Ships of the class have four SY-1s anti-ship missiles in two twin-box launchers. The armaments consisted of two single 100 mm dual-purpose hand-loaded guns with fire control using a very simple stereoscopic rangefinder, limiting the gun's effectiveness to surface targets in daylight/clear weather only. The six twin 37 mm short-range anti-aircraft guns were all locally controlled, severely limiting their effectiveness. The ships were equipped with Chinese SJD-3 sonar, which is a modified Soviet Tamir-11 (MG-11, with NATO reporting name Stag Hoof) hull-mounted sonar. SJD-3 has a telescoping arm instead of being fixed to the hull, so the sonar is stored in the hull when not in use. The sonar is lowered into the water several metres below the hull when deployed, thus increasing detection range by avoiding baffles generated by the hull. The ship's 11 anti-submarine armaments were limited to short-range rockets and depth charges. The ship's damage control arrangements were minimal. The Type 053Ks were armed with HQ-61 surface-to-air missiles, launched from two twin-armed launchers; these did not enter service until the mid-1980s. The 100 mm gun armament was also delayed.

In 2002, Changsha was converted to a naval gunfire support ship for amphibious assault bombardment, replacing its anti-ship missiles and anti-aircraft armament with 5 WS-1B rocket launchers with 50 tubes each.

== Construction and career ==
She was launched on 28 June 1975 at Hudong-Zhonghua Shipyard in Shanghai and commissioned on 31 December 1975.

Changsha participated in the salvage of the ocean liner in 1977. In November 1980, she surveyed a Soviet cruiser. On 1 August 1981, she was renamed Jiujiang. A submarine escort mission was conducted in 1982 by Changsha. A Soviet 056 frigate was surveyed in October 1984.

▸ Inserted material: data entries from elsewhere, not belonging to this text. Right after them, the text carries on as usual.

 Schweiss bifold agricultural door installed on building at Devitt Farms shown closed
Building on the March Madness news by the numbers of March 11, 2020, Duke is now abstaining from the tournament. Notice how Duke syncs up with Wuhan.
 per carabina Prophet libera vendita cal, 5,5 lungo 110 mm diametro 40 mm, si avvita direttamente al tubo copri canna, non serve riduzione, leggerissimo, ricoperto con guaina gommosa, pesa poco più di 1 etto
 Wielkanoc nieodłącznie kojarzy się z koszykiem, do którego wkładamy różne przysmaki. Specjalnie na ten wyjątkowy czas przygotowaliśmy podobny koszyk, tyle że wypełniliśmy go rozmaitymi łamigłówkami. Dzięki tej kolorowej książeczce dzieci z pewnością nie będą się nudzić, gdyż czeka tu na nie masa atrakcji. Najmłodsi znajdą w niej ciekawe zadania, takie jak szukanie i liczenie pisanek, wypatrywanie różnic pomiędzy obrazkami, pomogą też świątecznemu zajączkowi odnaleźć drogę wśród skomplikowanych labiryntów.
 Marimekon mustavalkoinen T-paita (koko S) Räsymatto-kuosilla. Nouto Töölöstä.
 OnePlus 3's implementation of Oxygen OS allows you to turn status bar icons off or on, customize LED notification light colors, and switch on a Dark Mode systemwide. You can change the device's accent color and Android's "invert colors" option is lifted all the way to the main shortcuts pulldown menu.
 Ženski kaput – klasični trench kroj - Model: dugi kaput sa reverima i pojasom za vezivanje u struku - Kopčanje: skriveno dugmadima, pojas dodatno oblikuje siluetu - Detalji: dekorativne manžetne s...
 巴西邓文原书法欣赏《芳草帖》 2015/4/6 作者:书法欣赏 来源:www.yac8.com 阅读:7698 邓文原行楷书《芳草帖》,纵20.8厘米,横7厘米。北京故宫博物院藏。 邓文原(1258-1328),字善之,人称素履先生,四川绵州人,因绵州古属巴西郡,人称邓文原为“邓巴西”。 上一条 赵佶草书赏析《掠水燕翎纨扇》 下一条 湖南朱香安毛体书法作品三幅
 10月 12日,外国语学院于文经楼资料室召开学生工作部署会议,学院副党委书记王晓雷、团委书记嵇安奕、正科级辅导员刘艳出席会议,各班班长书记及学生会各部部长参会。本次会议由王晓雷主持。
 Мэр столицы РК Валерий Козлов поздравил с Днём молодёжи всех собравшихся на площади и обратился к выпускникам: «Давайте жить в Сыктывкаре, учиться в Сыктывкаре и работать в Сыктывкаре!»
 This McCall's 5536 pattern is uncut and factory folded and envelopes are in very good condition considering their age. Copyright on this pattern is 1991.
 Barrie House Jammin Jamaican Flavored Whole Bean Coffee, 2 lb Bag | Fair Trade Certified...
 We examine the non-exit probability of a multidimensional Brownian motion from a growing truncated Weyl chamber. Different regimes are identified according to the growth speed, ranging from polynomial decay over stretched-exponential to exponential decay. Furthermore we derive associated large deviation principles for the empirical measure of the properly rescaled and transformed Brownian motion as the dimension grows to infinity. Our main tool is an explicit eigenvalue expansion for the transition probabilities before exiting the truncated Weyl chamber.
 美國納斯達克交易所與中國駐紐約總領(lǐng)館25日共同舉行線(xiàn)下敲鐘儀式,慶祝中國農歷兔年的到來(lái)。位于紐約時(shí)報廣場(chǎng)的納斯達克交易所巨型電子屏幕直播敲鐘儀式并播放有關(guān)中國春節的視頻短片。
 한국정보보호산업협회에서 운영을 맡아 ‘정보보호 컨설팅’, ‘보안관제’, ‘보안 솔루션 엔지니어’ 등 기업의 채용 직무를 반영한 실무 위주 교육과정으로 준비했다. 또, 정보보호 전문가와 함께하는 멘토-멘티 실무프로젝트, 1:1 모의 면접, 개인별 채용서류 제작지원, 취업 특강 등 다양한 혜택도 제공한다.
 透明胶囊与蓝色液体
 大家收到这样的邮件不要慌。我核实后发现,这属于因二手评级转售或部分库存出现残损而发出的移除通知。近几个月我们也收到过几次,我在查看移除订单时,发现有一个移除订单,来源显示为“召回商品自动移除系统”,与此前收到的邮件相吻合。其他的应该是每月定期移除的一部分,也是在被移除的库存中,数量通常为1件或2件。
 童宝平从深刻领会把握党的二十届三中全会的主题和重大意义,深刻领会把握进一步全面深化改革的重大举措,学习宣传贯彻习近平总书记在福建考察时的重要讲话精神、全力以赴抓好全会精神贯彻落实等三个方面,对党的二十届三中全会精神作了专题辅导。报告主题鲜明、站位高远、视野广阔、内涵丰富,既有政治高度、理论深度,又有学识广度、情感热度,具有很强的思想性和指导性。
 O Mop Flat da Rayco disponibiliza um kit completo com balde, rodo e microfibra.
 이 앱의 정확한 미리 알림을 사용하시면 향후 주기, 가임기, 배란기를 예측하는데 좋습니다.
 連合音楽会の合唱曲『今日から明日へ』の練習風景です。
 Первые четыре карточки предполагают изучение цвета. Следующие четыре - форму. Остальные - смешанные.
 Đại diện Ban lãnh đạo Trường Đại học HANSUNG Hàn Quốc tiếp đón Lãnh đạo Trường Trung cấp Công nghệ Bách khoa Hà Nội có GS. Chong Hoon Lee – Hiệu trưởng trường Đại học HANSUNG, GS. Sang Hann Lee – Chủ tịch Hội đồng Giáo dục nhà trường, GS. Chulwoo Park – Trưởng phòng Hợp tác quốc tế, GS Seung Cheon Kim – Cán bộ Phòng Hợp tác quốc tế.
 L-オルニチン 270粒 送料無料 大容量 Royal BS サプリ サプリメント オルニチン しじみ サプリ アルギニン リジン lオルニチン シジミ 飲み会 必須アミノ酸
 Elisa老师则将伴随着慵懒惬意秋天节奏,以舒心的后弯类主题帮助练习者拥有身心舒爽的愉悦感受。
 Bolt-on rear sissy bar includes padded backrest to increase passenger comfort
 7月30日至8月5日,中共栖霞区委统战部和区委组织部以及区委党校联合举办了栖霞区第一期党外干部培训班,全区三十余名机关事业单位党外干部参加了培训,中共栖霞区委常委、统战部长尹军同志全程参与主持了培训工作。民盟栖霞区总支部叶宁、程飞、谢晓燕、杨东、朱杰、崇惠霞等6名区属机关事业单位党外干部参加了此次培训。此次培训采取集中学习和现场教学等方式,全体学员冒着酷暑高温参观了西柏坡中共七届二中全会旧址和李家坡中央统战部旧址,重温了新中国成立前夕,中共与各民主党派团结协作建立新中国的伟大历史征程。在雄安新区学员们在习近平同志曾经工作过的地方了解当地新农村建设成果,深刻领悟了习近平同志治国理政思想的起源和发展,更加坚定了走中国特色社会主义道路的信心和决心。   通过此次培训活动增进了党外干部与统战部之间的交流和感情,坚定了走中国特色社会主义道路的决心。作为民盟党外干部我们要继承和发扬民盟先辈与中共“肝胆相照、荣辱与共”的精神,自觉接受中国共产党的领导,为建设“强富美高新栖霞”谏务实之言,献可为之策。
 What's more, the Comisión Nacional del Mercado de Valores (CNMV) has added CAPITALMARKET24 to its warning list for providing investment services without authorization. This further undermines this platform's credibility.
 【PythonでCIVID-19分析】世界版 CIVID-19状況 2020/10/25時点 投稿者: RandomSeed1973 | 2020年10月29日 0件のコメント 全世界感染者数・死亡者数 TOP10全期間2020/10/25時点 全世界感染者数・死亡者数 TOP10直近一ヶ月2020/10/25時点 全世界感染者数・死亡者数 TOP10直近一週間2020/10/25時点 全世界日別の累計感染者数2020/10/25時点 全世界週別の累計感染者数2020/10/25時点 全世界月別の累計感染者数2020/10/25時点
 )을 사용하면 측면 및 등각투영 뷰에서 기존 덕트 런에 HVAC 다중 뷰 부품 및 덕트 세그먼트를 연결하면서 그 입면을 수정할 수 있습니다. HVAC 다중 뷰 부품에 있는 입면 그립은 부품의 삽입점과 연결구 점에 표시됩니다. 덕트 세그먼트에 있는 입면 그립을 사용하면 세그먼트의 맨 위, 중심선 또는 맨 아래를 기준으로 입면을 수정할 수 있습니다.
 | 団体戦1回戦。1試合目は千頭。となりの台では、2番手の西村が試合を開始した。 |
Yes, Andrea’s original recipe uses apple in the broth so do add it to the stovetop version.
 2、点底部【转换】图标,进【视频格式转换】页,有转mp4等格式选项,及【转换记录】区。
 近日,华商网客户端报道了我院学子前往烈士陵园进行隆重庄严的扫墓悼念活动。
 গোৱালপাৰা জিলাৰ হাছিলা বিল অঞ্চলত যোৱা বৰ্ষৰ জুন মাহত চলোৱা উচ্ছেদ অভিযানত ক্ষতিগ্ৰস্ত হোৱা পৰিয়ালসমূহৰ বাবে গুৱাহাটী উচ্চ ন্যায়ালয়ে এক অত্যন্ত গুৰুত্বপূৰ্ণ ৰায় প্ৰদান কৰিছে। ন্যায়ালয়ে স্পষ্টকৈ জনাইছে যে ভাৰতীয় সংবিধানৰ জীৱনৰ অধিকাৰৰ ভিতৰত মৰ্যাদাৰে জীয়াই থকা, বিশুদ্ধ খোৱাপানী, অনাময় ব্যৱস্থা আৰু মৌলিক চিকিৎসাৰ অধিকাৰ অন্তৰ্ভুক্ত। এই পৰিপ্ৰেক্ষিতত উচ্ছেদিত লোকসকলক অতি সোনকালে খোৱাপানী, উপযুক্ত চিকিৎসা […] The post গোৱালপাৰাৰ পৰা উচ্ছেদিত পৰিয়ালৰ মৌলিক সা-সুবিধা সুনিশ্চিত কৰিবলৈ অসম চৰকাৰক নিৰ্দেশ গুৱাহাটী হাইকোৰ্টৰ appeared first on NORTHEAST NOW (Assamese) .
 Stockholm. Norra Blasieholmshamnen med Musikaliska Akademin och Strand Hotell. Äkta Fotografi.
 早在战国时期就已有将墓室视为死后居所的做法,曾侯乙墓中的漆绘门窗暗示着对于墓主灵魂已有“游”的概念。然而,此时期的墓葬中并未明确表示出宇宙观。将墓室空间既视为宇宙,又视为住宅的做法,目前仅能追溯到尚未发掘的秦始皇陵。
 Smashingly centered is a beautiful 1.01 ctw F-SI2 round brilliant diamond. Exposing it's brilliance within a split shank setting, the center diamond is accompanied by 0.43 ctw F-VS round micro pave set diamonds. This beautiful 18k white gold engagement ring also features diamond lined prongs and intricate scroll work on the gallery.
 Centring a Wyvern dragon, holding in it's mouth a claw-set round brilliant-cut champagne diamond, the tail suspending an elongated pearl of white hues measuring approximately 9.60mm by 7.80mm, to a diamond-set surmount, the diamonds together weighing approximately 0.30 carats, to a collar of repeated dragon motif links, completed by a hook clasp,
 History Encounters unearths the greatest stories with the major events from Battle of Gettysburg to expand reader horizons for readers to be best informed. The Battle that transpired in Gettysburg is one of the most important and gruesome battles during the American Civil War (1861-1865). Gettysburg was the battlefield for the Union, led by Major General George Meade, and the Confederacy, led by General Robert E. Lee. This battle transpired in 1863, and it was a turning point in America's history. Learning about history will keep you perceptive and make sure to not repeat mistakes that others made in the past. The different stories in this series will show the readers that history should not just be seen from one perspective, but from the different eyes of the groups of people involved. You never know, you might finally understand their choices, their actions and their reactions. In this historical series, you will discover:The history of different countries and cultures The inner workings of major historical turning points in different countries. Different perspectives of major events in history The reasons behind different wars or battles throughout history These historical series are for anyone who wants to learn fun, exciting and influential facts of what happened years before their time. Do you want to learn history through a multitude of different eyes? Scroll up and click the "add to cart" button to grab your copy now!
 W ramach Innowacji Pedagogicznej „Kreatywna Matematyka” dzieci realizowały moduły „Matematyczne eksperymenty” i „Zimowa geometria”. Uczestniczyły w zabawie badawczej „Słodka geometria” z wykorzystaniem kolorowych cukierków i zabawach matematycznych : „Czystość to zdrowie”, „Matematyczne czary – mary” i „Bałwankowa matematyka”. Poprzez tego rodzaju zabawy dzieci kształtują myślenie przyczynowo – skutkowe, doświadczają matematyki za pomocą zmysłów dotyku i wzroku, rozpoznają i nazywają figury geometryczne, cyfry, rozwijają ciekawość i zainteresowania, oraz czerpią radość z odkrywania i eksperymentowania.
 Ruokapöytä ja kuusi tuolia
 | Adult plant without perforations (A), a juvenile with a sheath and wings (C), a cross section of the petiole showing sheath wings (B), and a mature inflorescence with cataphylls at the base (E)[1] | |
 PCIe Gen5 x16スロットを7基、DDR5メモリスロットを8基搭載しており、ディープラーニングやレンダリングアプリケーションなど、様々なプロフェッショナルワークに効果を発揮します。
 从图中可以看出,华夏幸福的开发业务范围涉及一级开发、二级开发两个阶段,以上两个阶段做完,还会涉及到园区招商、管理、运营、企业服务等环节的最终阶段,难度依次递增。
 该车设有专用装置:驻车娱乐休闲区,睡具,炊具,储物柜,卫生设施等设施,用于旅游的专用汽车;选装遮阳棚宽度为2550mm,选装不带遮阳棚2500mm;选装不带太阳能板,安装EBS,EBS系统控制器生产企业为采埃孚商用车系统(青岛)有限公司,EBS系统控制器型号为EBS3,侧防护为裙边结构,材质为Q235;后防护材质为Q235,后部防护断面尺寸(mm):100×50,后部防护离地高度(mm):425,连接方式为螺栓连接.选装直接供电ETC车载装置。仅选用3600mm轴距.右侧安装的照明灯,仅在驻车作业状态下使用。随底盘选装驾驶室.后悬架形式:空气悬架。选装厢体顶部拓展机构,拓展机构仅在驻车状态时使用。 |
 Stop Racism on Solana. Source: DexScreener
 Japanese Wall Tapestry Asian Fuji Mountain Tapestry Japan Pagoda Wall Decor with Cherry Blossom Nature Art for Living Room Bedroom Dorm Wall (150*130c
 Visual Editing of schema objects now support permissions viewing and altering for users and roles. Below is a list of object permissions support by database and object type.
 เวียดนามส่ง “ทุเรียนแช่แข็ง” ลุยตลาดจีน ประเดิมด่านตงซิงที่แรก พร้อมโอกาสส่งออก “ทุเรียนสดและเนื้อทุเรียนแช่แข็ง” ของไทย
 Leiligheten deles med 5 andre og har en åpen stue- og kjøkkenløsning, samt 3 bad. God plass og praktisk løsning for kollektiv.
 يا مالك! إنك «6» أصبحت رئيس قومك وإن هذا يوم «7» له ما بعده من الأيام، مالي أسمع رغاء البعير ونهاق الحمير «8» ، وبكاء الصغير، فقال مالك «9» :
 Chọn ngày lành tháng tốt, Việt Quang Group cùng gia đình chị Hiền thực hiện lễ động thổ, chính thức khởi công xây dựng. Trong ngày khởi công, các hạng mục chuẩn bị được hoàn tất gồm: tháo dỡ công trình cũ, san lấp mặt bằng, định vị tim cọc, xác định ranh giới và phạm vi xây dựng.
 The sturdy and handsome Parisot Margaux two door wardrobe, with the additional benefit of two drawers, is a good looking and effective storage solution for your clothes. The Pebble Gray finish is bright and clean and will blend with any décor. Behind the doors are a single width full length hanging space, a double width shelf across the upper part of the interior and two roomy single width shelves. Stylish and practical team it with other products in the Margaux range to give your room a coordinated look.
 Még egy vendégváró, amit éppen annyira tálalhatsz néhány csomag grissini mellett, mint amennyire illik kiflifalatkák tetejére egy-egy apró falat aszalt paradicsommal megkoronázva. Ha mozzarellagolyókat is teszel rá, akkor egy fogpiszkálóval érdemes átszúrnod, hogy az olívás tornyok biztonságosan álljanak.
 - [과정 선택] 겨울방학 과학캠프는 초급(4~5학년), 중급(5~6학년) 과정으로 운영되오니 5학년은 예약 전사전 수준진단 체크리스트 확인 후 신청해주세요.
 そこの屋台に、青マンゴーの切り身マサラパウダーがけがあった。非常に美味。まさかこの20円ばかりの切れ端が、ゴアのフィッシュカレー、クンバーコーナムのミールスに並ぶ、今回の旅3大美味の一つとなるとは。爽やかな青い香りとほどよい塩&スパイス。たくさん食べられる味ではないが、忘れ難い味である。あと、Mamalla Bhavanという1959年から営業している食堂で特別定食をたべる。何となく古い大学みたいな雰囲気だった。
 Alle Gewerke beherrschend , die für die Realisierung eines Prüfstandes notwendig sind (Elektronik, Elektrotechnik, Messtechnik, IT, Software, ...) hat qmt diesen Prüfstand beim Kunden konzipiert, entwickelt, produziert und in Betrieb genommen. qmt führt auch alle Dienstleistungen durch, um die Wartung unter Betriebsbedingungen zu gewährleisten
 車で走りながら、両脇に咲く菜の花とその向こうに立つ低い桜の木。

In March 1996, a joint naval exercise was conducted in the Taiwan Strait.

On 26 June 2007, she made a goodwill visit to Jiujiang City and presented a model of the ship to the Jiujiang Municipal Government. The Jiujiang Municipal Government also awarded officers and soldiers with the certificate of Jiujiang Honorary Citizen.

In August 2011, Liao Kaibo, then Deputy Mayor of Jiujiang Municipal Government, visited the ship in Fujian. In January 2012, the then Deputy Mayor of Jiujiang Municipal Government Yang Jian led the heads of the Civil Affairs Bureau, Shuangyong Office, and other departments to visit the officers and soldiers of the ship in Fujian. Beginning in September 2012, she patrolled the waters near Pingtan. In February 2013, Feng Jing, then deputy secretary of the Jiujiang Municipal Party Committee, led a Jiujiang City Supporting Army delegation to visit the ship.

On 31 July 2015, the Jiujiang Civil Affairs Bureau staff and the Municipal Shuangyou Office visited the officers and soldiers of the ship in Fujian on the eve of the August, 1st Army Day. In January 2016, Shi Rongguo, Deputy Mayor of Jiujiang City, led the heads of the Municipal Government Office, Civil Affairs Bureau, Double Support Office, and other departmental/model representatives of the Double Support to visit Fujian's navy officers and soldiers stationed at the Ningde Military Port.

She was decommissioned on 12 June 2018.